**Exercise instructions:**
Each line below must be reproduced exactly as it stands. Pictures stay out of the copy.

**Source material:**
::::
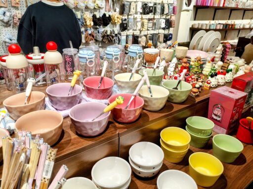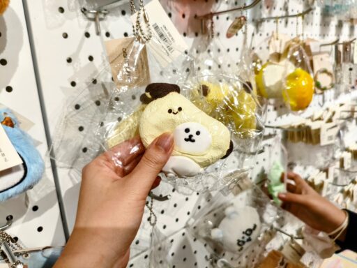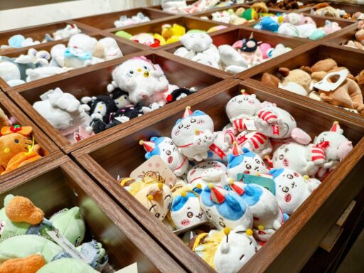 ユニークなデザイン、キティちゃん・ちいかわなど日本でも人気のキャラクターのぬいぐるみもずらり。小学生くらいの時、これくらいの大きさのぬいぐるみ好きだったなぁ~娘も次はこれ買う~!ともう次に買うものを決めておりました笑
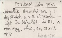 PONIČAN Ján 1941 Jánoąík. Hrdinská hra v 4 dejstvách a v 10 obrazoch.
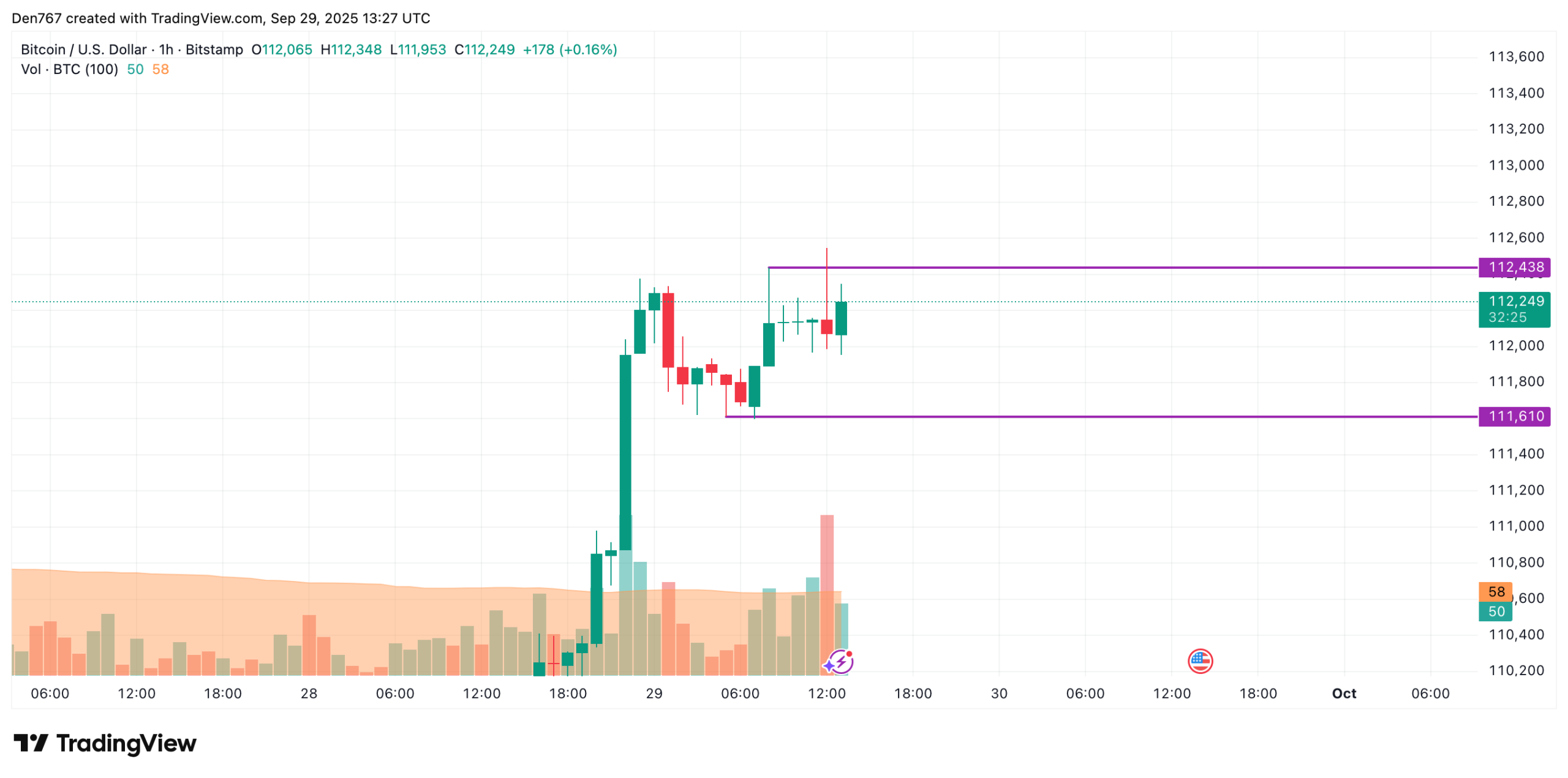 در نمودار یک‌ساعته، BTC یک شکست جعلی از مقاومت محلی ۱۱۲,۴۳۸ دلار داشته است. اگر کندل روزانه در نزدیکی یا بالاتر از این سطح بسته شود، احتمال تست محدوده ۱۱۳,۰۰۰ دلار وجود دارد.
::::
**Problem solution:**
 ユニークなデザイン、キティちゃん・ちいかわなど日本でも人気のキャラクターのぬいぐるみもずらり。小学生くらいの時、これくらいの大きさのぬいぐるみ好きだったなぁ~娘も次はこれ買う~!ともう次に買うものを決めておりました笑
 PONIČAN Ján 1941 Jánoąík. Hrdinská hra v 4 dejstvách a v 10 obrazoch.
 در نمودار یک‌ساعته، BTC یک شکست جعلی از مقاومت محلی ۱۱۲,۴۳۸ دلار داشته است. اگر کندل روزانه در نزدیکی یا بالاتر از این سطح بسته شود، احتمال تست محدوده ۱۱۳,۰۰۰ دلار وجود دارد.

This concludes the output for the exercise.